Ok, so I got my ball python (Apollo, pastel mojave) Nov 14th. I have wanted a snake for the majority of my life and I finally moved into a place that allows me to keep them. At first I feel my husbandry was meh, but at this point I'm feeling much more confident. Got a medium zoo med UTH on his hot side, white light for the day and red light at night. Ambient temps during the day are about 90-84 and at night the hot side drops to 80-82. UTH thermostat is on low, those zoo med pads get hot! I've got him in a larger enclosure (which may change as at some point I need to replace it... I used a UTH a friend gave me initially, it must have had a fault in the wiring, shorted out and cracked the glass. I've got tape over it and monitor the substrate to make sure it doesn't expand/come into contact with him). He's been a little inconsistent with his eating... he seems to really prefer the mice from his breeder, when I was unable to go get a bigger mouse pickup due to weather and had to buy from a pet store he refused two of them, but he's eaten again this Monday and I may feed him again Saturday just to help him grow (his skipped meals seem to have delayed his shed).

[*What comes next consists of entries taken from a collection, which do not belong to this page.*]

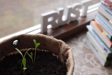 Keywords: window sill plants grow jute books letters potting soil
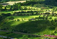 Spoorlijn aan de noordoever van de Duitse rivier de Moezel met een licht en donkerspel van de schaduwen van de wolken
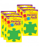 - Colorful puzzle pieces are precut and ready to use in blue, orange, purple, green, red, and yellow.
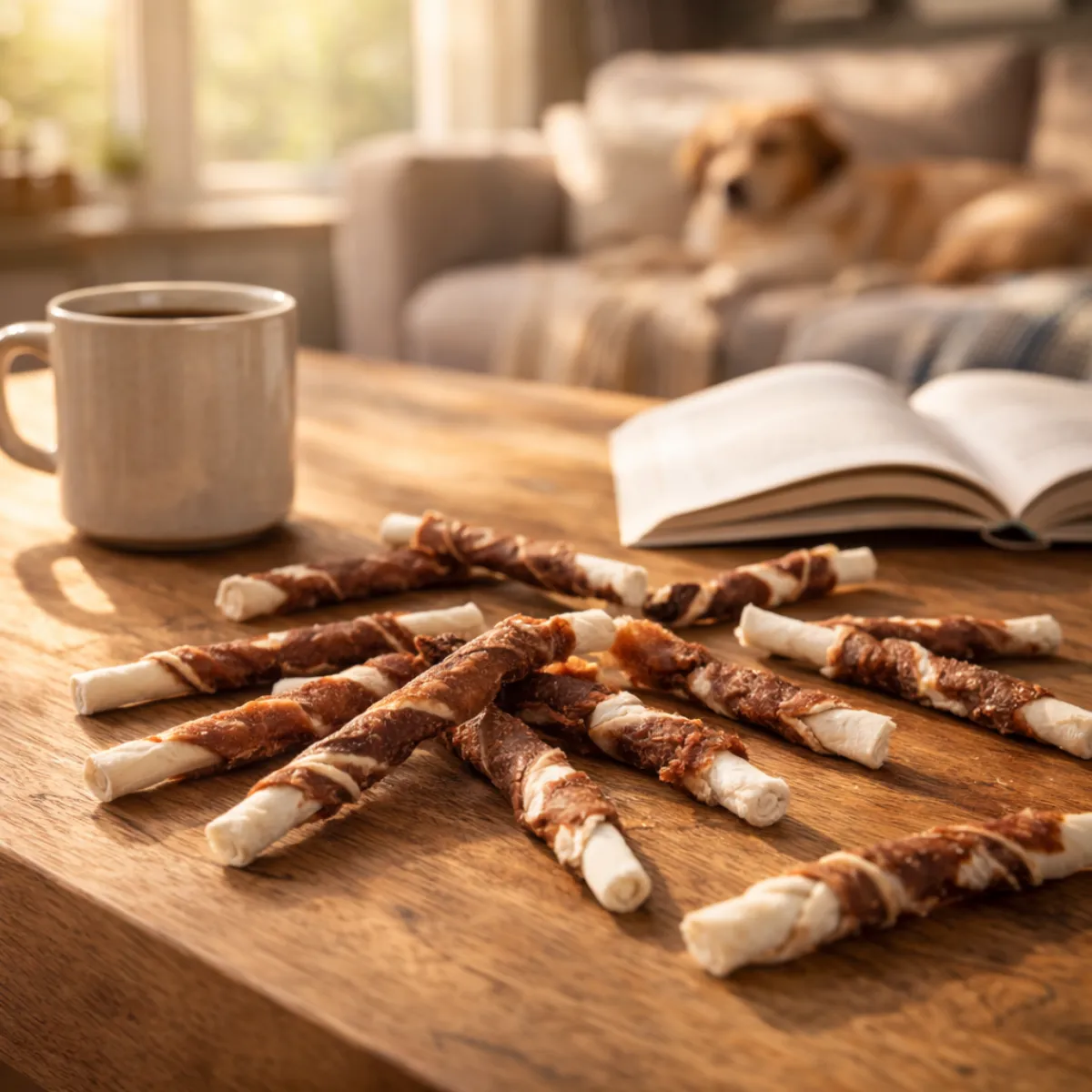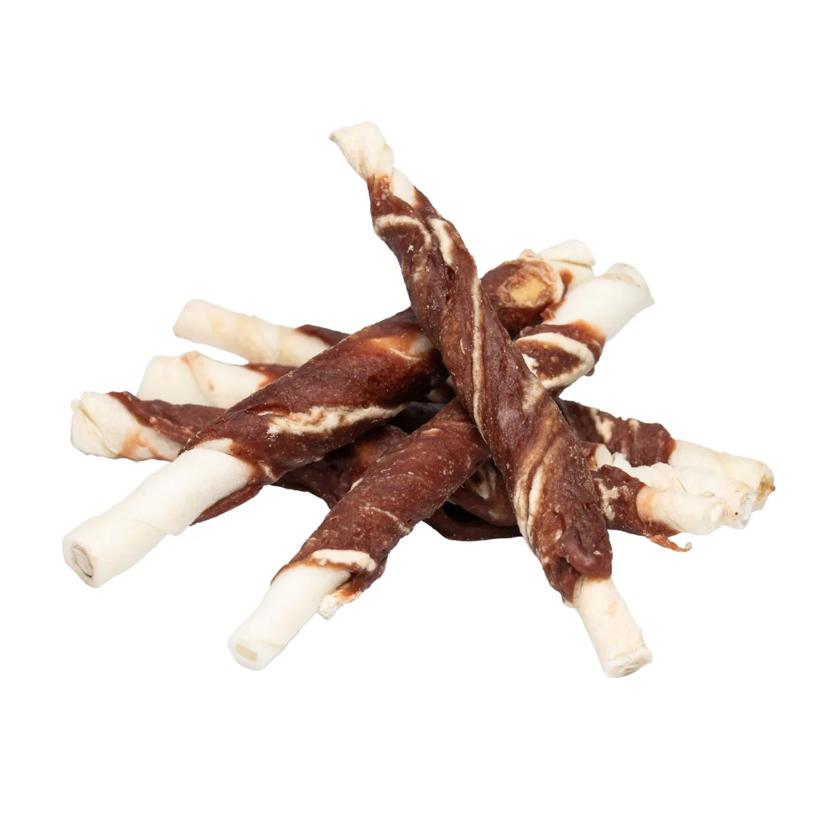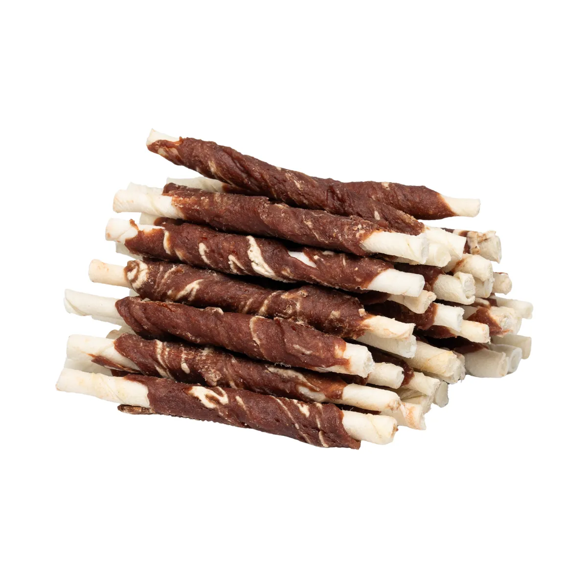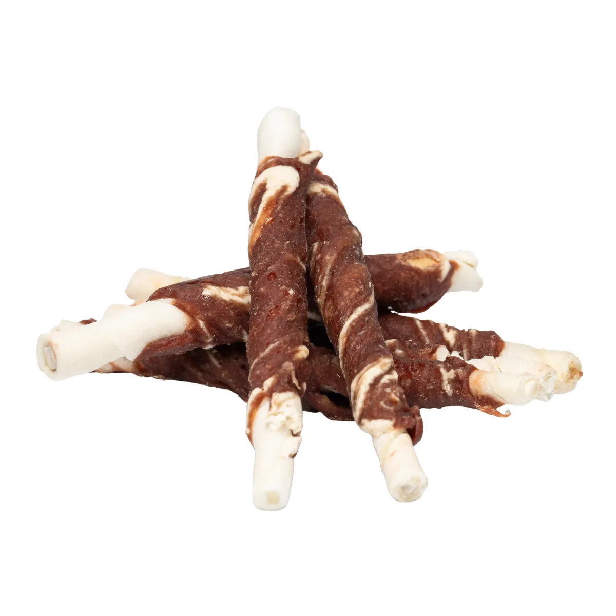 Pałeczki łączą w sobie smakowitą warstwę mięsną z trwałym, twardym rdzeniem. Pies najpierw rozsmakowuje się w otoczce, a następnie przechodzi do intensywnego gryzienia wnętrza. To przysmak, który nie tylko angażuje psa na dłużej, ale też działa antystresowo i wyciszająco. Idealny jako nagroda po spacerze, treningu lub podczas chwil samotności.

I just feel very silly.. every little thing that may be wrong or seems imperfect works me up and gets my anxiety going a mile a minute. When his temps were too low I was constantly thinking about it. When he wasn't eating as much as I tell myself he's fine I worry. In educating myself just yesterday I was reading more about illnesses and about "stargazing" as sometimes Apollo will climb about or rest with his body extended against the glass looking up and I wanted to know the difference. After reading about IBD and seeing the videos of actual stargazing behavior I was both comforted that he wasn't doing that but horrified and had a difficult time falling asleep. Is it normal to get this freaked out dealing with a very different kind of pet? I'm 26 years old and have lost cats, friends, and family and been through much worse already.. but somehow this little guy seems to have the ability to trigger my most protective instincts. Pictures of tank and bonus pic of cute snooting included.